There are many concerns, particularly the speed with which the House wants to adopt the flawed bill. One of the most troubling problems, according to UFT President Randi Weingarten, is that the chair of the House Education Committee, Rep. George Miller (D-Calif.), is calling for performance pay and evaluation of teachers based on standardized test scores of students in teachers’ individual classrooms. That is a notion that has gained wide currency across the country, despite its opposition by many educators. The latest local to adopt a pilot program using the idea is the AFT local in Austin, Texas.

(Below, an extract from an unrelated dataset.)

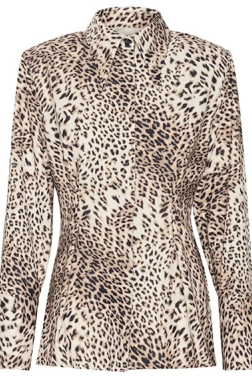 Skjorte fra Gestuz med leopardmønster i creme- og hvide nuancer. Skjorten har en klassisk krave, knaplukning og lange ærmer.

At congressional hearings on the bill in early September, representatives of both national teacher unions objected to such use of test scores. Antonia Cortese, executive vice president of the UFT’s national affiliate, the AFT, and Reg Weaver, president of the National Education Association, said they cannot support the bill in its present form.
Weingarten has for years rejected individual performance pay, particularly based on individual teachers’ student test scores, calling them both unfair and unreliable.

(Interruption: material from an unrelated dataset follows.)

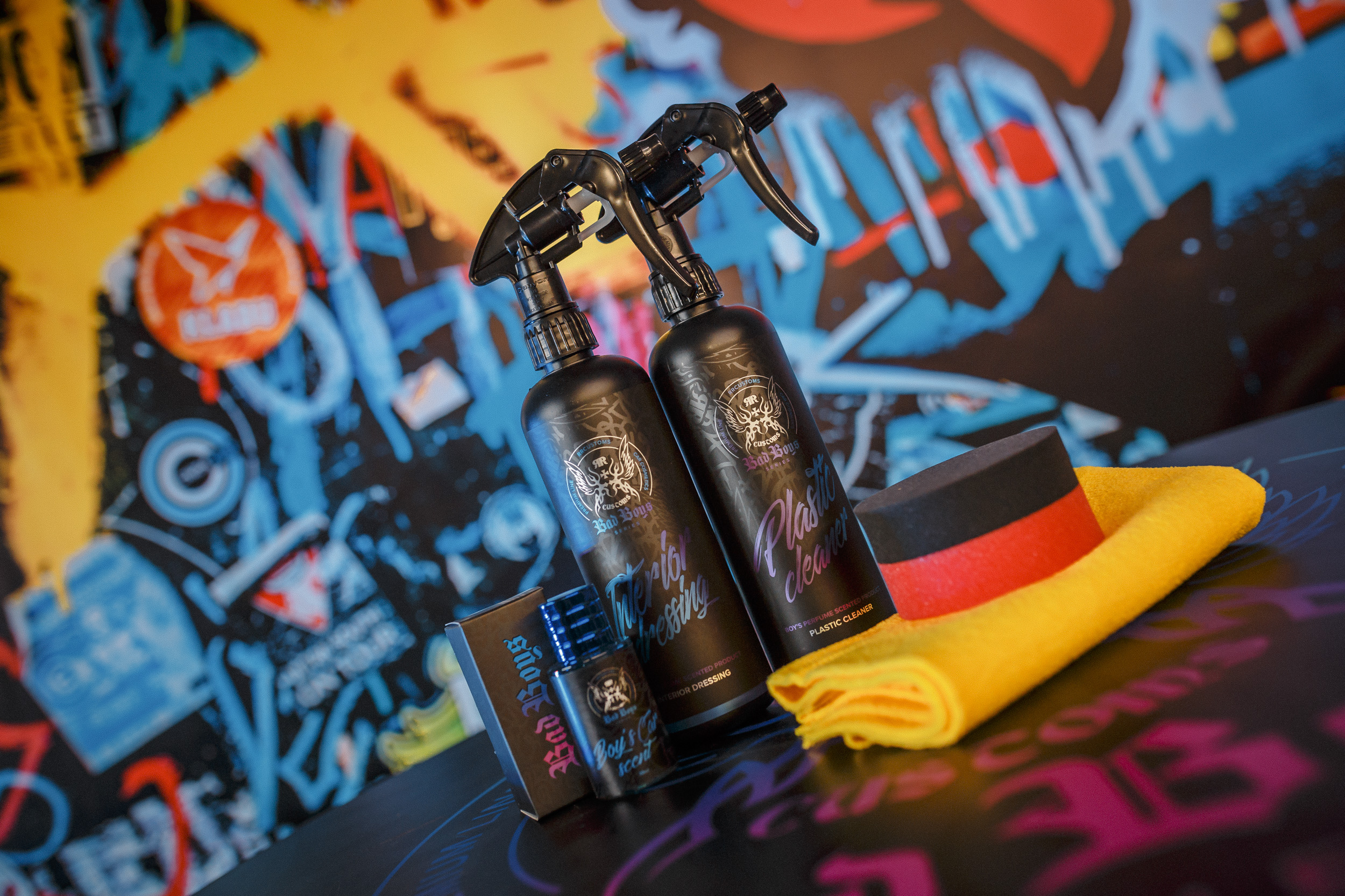 • Antes de aplicar o curativo para interiores, limpe a superfície com BadBoys Interior Detailer ou, no caso de sujidade mais severa – com BadBoys Plastic Cleaner

The AFT is trying to get Congress to correct a number of shortcomings in the present law including a flawed definition of Adequate Yearly Progress (AYP) and the failure to provide the resources for school improvements and needed services to students.
A major problem, according to the AFT, is the haste with which Congress is trying to push through the reauthorization legislation. AFT President Edward McElroy called it “reckless” and warned that it would lead to a “sloppy law that is worse than the current law.”
McElroy said educators have had five-and-a-half years of experience with NCLB and during that time “good schools have been stigmatized by the law’s unfair and unscientific ‘adequate yearly progress’ measure. Teachers have faced increasing pressure to teach to the test, and students have learned less history, science, art and music. Struggling schools have received punitive sanctions instead of needed help. Tens of millions of dollars in No Child Left Behind funds have gone to private tutoring companies with unqualified employees and no reliable data that demonstrates they are effective.”
Funding by the Bush administration for NCLB has consistently been far below what Congress approved. In fiscal 2006, for example, Title I, the cornerstone of NCLB, was supposed to be funded at $22.75 billion, but President Bush requested only $13.3 billion.
As a result, New York State received about $1.3 billion in Title I funding in 2006, not the $2.2 billion Congress had authorized. The near-billion-dollar difference, the AFT estimates, would have been enough to provide smaller classes, hire reading and math specialists and improve technology in the 600 elementary schools that are struggling most to meet standards. It could also have provided a smaller learning environment and rigorous academic after-school programs for the 152 secondary schools whose students face the most difficulty on state tests.
One of the contentious areas of the original NCLB legislation has been holding schools and school districts accountable for making adequate yearly progress with a goal of having 100 percent of students reaching proficiency on math and English tests by 2014. The rules and the formulas are complicated and a number of states have rebelled.
The AFT believes that the current system not only doesn’t measure progress but it fails to distinguish between effective and ineffective schools. “Although the A in AYP stands for adequate, the evidence shows that AYP targets are not merely challenging, they are unrealistic. By 2014, almost all schools, very many of them high-performing, will have failed AYP,” the AFT maintains. It argues that much more realistic approaches are needed.
A majority of parents are also unhappy with all the high-stakes testing the NCLB law precipitated. A recent Phi Delta Kappa/Gallup poll found that 52 percent of public school parents felt there was too much testing, up from 32 percent five years ago. Moreover, 75 percent of public school parents said the focus on testing was leading teachers to teach to the test, not the subject matter.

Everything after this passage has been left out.